# Projectile Headlights



## GA15 (Feb 4, 2003)

If the silvia s13 coupe has normal or dual headlights, can i replace those with the tri-projectile headlights. If yes, does the lights plug in without any modifications? If not, what minor modifications need to be done. Does it involve cutting the original wires....ouch???


----------



## FFgeon (Nov 28, 2002)

the jdm s13 came with, normal, dual and triple projector headlamps. to use these head lamps u need the jdm hood, fender, bumper cover and of course the lights. to hook em up is no prob. you gotta splice some wires here and there, but its no problem.


----------



## GA15 (Feb 4, 2003)

wow, you need to replace the hood and bumper too. are the lights a little smaller or bigger than the normal ones. i thought you need to get the lights and hook them only. i did not expect to change the hood and bumper too. pricy setup.


----------



## eatdirt (Feb 10, 2003)

GA15 said:


> *If the silvia s13 coupe has normal or dual headlights, can i replace those with the tri-projectile headlights. If yes, does the lights plug in without any modifications? If not, what minor modifications need to be done.

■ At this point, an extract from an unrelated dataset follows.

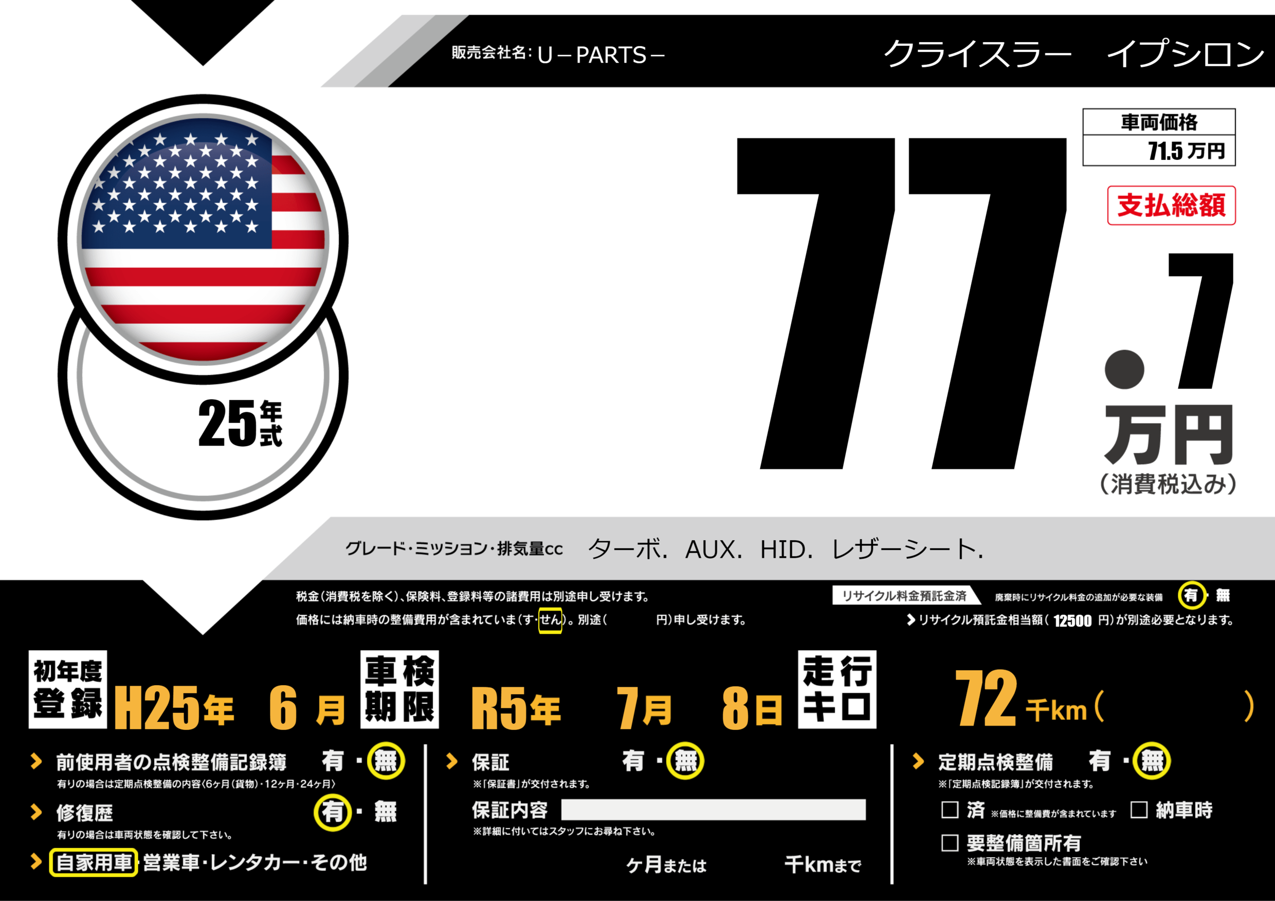 | 車名 | クライスラー イプシロン | グレード ミッション 排気量 |

Does it involve cutting the original wires....ouch??? *


im sorry I had to do it... projectile headlights... DAMN I gotta get me some of them... and some lazer beams too!


----------



## FFgeon (Nov 28, 2002)

well if u already have a silvia front end then you have nothing to worry about. any of the jdm lights fit the jdm body. look at the hood on your 240. see the spots where the headlights pop up at? now look at the hood an a silvia. no popup headlights. so ya see you need all the front end body panels off a silvia. sorry dude. when i got my silvia front end, i turned my popup headlights into projectile headlights by throwing them across the parking lot. =)


----------



## GA15 (Feb 4, 2003)

thanks ya all for the replies.


----------



## Bumpin (Feb 18, 2003)

If you go to www.clearcorners.com they have projector lights that fit in your pop-up housing. Don't know if you want to pay $1200 for them but they have'em.


----------



## '91 240sx (Feb 17, 2003)

Bumpin240sx said:


> *If you go to www.clearcorners.com they have projector lights that fit in your pop-up housing. Don't know if you want to pay $1200 for them but they have'em. *


clearcorners has some nice products, but their prices are crazy as hell


----------



## Bumpin (Feb 18, 2003)

Yeah insanely rediculous. For clear bumper lights they want $75. I made my own by taking the kitchen lite cover, cutting out the shape, smoothing the edges, and screwing them in.


----------



## GA15 (Feb 4, 2003)

Oh! well, better get a S13 that comes with the projectile headlights so less fuss.


----------



## Gripen (May 24, 2003)

Projectile headlights... hmm... 20 points for the old lady crossing the street...


----------



## 93blackSER (Feb 1, 2003)

i dont know your rules, but around here, old ladies are 50points. animals are 20points, except the really small ones, they get 30 cuz they are hard to hit. but then again, with projectile headlights, the points would be raised a little bit as opposed to just hitting things with the car. wouldnt you agree?


----------



## lionel (May 13, 2003)

are cats considered small? cuz i killed 3 in two days.


----------



## 93blackSER (Feb 1, 2003)

nah, i'm talking small, like squirrel and chipmunk small, and some rabbits. cats are pretty easy targets as long as you have a car and not a truck. trucks sit too high, too hard to hit things.


----------



## lionel (May 13, 2003)

actually when i hit cats or other animals, i make sure it's my wheels that do the bone crushing attack. squirrels are too cool to attack unless they pull a "geico direct" on me.


----------



## Gripen (May 24, 2003)

lol. Ya, 20 points may seem a bit low, but i'm still trying to re-adjust to washington. I just came back from florida where old people are more common than sunny days.


----------



## lionel (May 13, 2003)

old ppl here in florida where i live hold hand in hand waving at strangers all day


----------



## 93blackSER (Feb 1, 2003)

we dont have many old people in my town, at least not that ever cross the road, so they score higher. it's more of a search and destroy thing with them. i do have to agree that i also try to hit things with my wheels considering i actually like the car i drive now. with my old car, i'd hit anything, it was great.


----------



## lionel (May 13, 2003)

hellyeah, suffer the consequences if they get in my way. the cool thing bout my p.o.s car, it had blood all over, that shit was funny.


----------



## 93blackSER (Feb 1, 2003)

yeah yeah, been there, done that. loads of fun! my old car was like a street legal field car. if it's in the way, hit it!


----------



## lionel (May 13, 2003)

lol exactly my motto, my mom gave me her supra one day, and my brother installed some fog horns, and i honked the shit out of ppl, all they could do is get startled and hold their hearts from the sudden burst of the horn right behind their dumbasses. now that's fun.


----------



## PatScottAKA99XE (Apr 30, 2002)

Save it for OT


----------